I winced. “I can imagine.” The first British colonists in the Americas had been dissenters—notably, Calumnates—who held that any and all magic was sin. There were few geomagicians working in the Americas, but you could always pick them out; their work so often had an anti-magic slant to it.
“After that, witches were, well, a bit more hesitant to sit for anthropological interviews, even here.”
I flipped through the pages of the Taxonomia, skimming chapter headings. Green-witches. Water-witches. Paper-witches. Stitch-witches.
“Nachtnebel theorized that many witches have a special affinity. Essentially, an area in which they do not need to use a reliq.”
My nose wrinkled. “But that’s the very definition of a witch. Someone who doesn’t need a reliq for any magic.”
“That’s the conventional definition. But maybe the ones we think of now as witches—extraordinary people like Lucy, who have affinities for all magic—maybe that is only one category of witch? And what if there are others?”
Even as I followed this argument, a small part of my brain noticed that I liked to see Henry excited.
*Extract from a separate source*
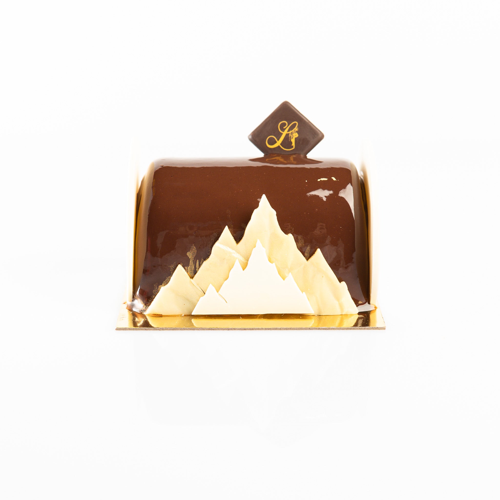 Hazelnut sponge with a delicate crunch, layered with hazelnut praline creme and a smooth tonka namelaka finished with 72% dark chocolate mousse.

I liked the way his eyes lit, and his mouth worked quickly; how the smirk fell away to reveal the truth of his joy in the work. It reminded me of the boy I’d known.
“If Nachtnebel is right, if I am right, think how many witches there may be, right now, living their lives in ignorance. Unaware of their potential. Men and women with some area of magic for which they wouldn’t need a reliq.
Who just have no idea of their gift, because it’s simply not part of our framework for how witchery works.
But such frameworks should—must!—adapt to new information. That’s basic scientific principle.”
“And what would that make me, then?” I asked, and realized, as the words fell out, that he had me half convinced already.
Henry’s face softened, slackened, and his hand darted out across the still-spread map to catch my chin gently. His thumb stroked across my cheek, and my skin lit where he touched me.
“Isn’t it obvious? Why, Mary, you’re a fossil witch.”